Could the data below be copied exactly, minus the pictures?

-------- Given records

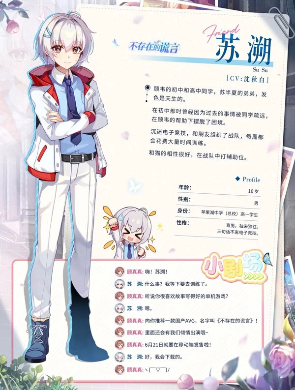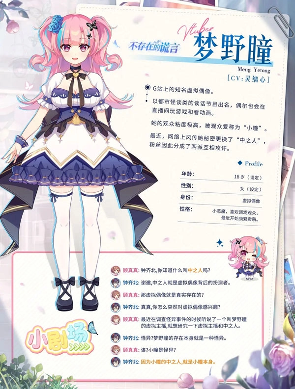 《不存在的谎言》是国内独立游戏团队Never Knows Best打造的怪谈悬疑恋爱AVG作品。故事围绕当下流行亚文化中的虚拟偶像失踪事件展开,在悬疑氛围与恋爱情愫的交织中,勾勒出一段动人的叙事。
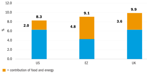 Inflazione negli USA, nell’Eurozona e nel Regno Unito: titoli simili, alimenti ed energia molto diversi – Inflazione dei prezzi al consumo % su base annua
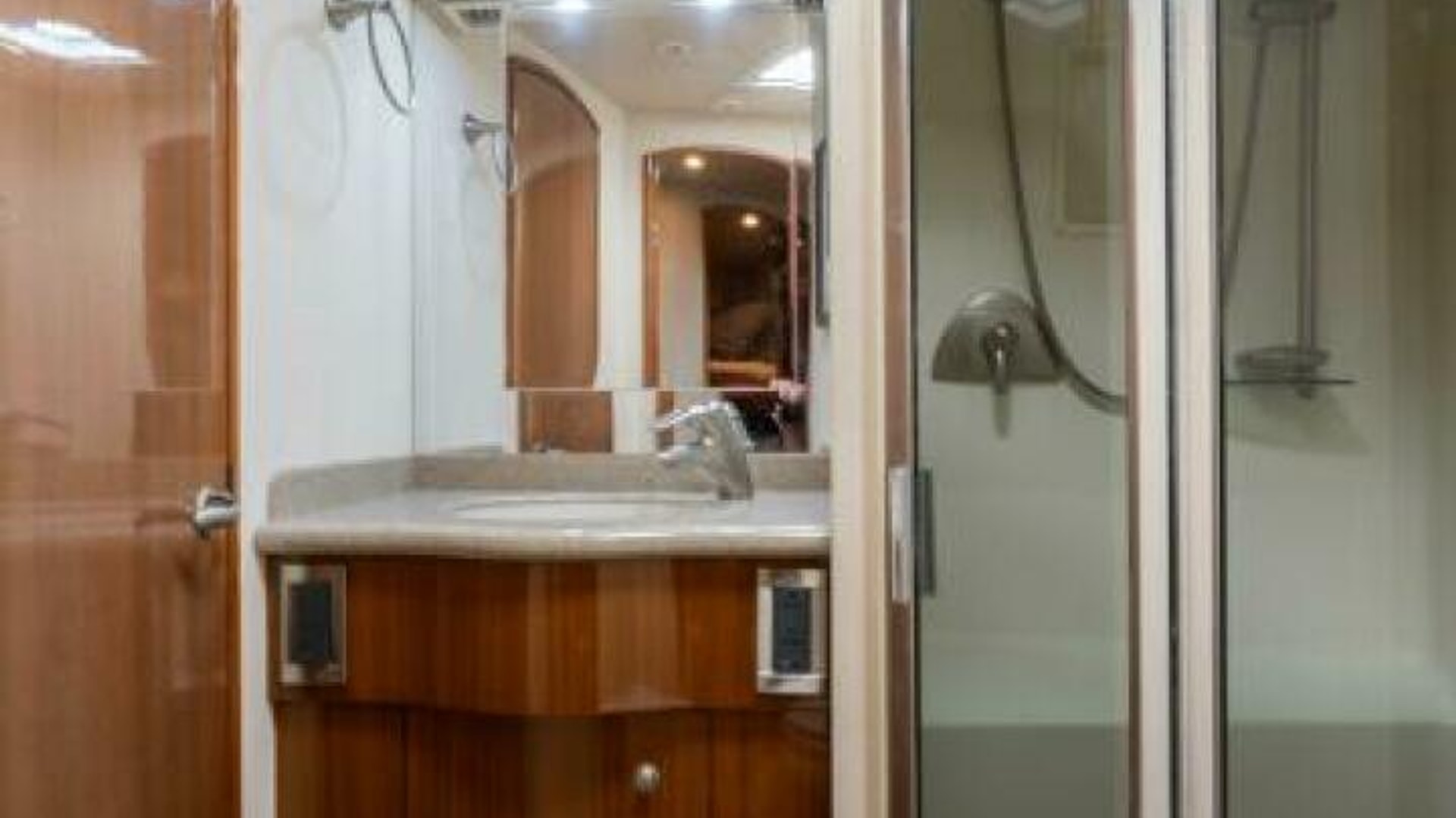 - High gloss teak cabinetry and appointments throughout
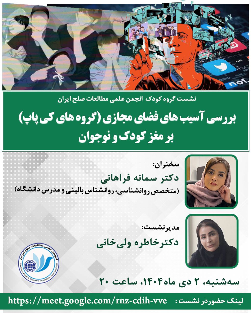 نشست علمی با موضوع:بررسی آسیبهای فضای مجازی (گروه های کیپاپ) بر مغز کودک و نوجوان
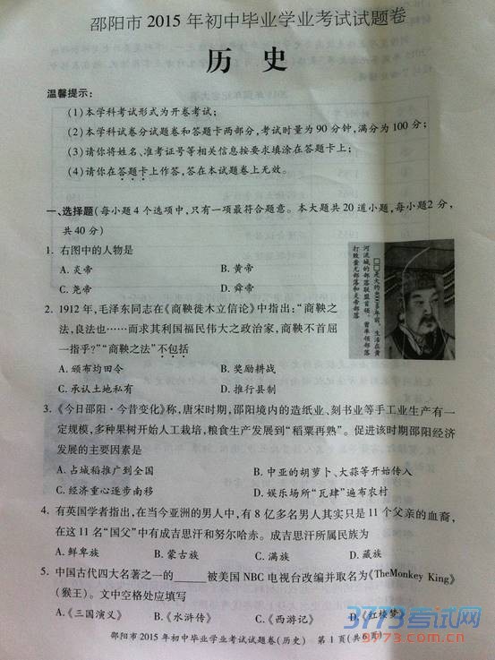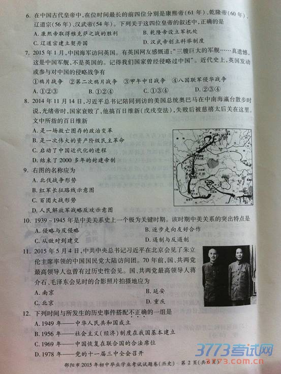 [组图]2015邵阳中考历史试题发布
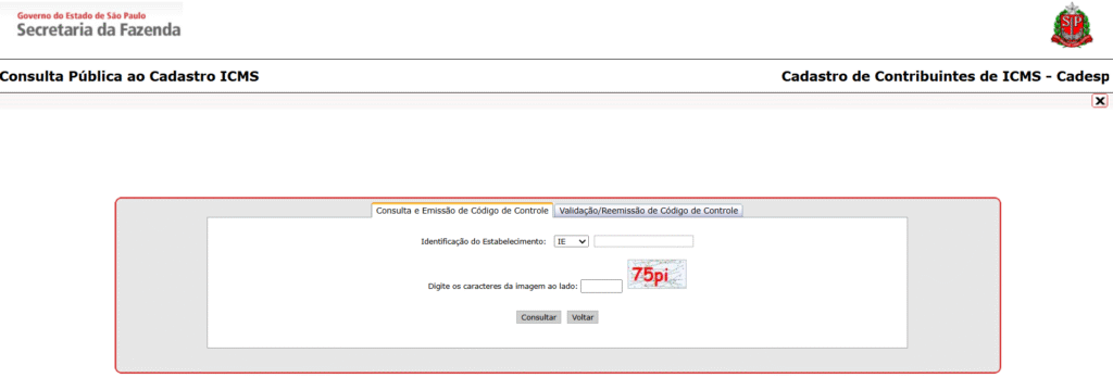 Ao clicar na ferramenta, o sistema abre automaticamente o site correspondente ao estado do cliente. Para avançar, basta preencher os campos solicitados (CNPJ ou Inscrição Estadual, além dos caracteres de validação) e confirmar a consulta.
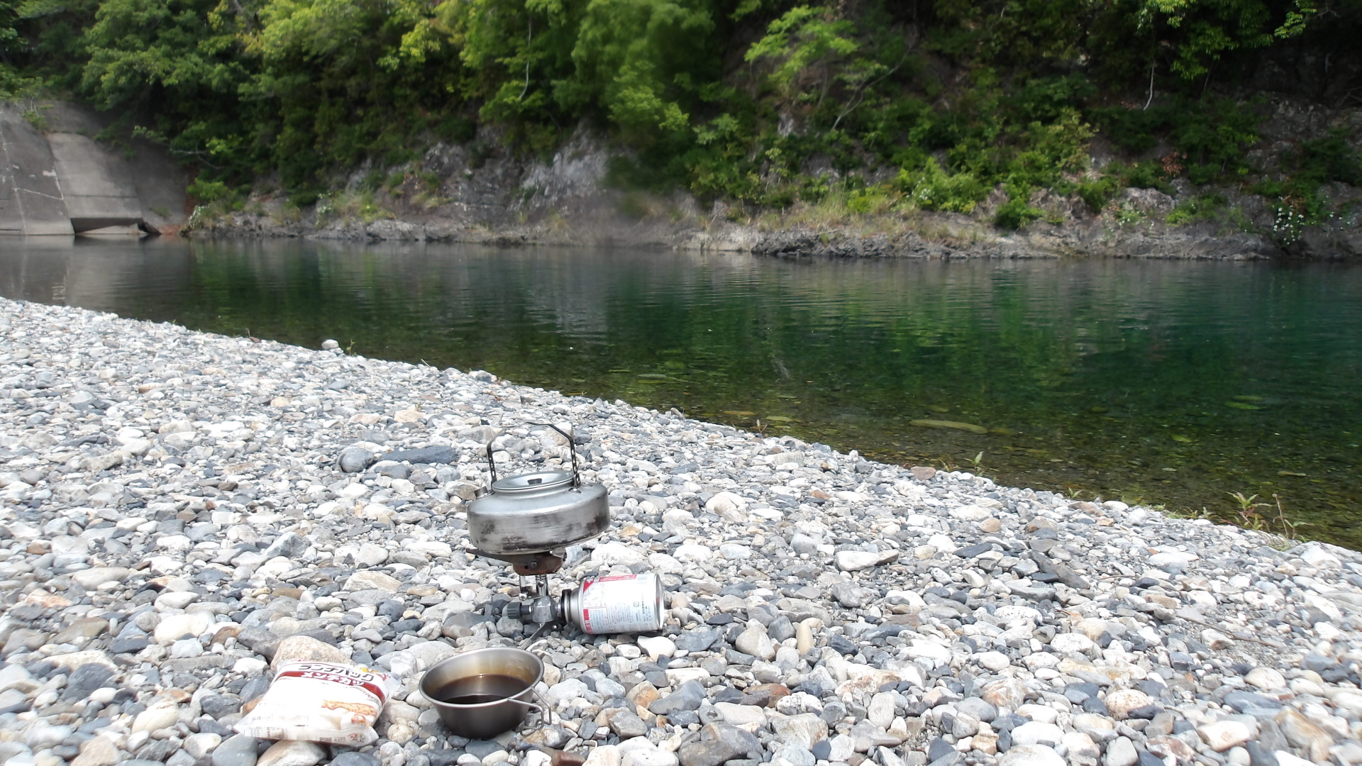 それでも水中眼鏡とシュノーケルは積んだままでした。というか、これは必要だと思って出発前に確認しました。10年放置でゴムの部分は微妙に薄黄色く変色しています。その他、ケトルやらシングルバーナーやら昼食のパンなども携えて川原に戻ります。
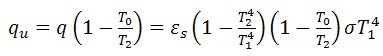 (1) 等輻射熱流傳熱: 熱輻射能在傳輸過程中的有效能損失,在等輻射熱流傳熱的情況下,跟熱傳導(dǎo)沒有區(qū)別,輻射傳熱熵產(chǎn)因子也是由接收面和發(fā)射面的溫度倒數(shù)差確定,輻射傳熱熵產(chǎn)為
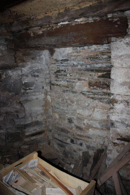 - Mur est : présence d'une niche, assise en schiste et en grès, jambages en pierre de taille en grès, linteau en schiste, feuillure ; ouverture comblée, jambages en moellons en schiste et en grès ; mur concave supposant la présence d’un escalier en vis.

----------------

» **Expected answer**
 《不存在的谎言》是国内独立游戏团队Never Knows Best打造的怪谈悬疑恋爱AVG作品。故事围绕当下流行亚文化中的虚拟偶像失踪事件展开,在悬疑氛围与恋爱情愫的交织中,勾勒出一段动人的叙事。
 Inflazione negli USA, nell’Eurozona e nel Regno Unito: titoli simili, alimenti ed energia molto diversi – Inflazione dei prezzi al consumo % su base annua
 - High gloss teak cabinetry and appointments throughout
 نشست علمی با موضوع:بررسی آسیبهای فضای مجازی (گروه های کیپاپ) بر مغز کودک و نوجوان
 [组图]2015邵阳中考历史试题发布
 Ao clicar na ferramenta, o sistema abre automaticamente o site correspondente ao estado do cliente. Para avançar, basta preencher os campos solicitados (CNPJ ou Inscrição Estadual, além dos caracteres de validação) e confirmar a consulta.
 それでも水中眼鏡とシュノーケルは積んだままでした。というか、これは必要だと思って出発前に確認しました。10年放置でゴムの部分は微妙に薄黄色く変色しています。その他、ケトルやらシングルバーナーやら昼食のパンなども携えて川原に戻ります。
 (1) 等輻射熱流傳熱: 熱輻射能在傳輸過程中的有效能損失,在等輻射熱流傳熱的情況下,跟熱傳導(dǎo)沒有區(qū)別,輻射傳熱熵產(chǎn)因子也是由接收面和發(fā)射面的溫度倒數(shù)差確定,輻射傳熱熵產(chǎn)為
 - Mur est : présence d'une niche, assise en schiste et en grès, jambages en pierre de taille en grès, linteau en schiste, feuillure ; ouverture comblée, jambages en moellons en schiste et en grès ; mur concave supposant la présence d’un escalier en vis.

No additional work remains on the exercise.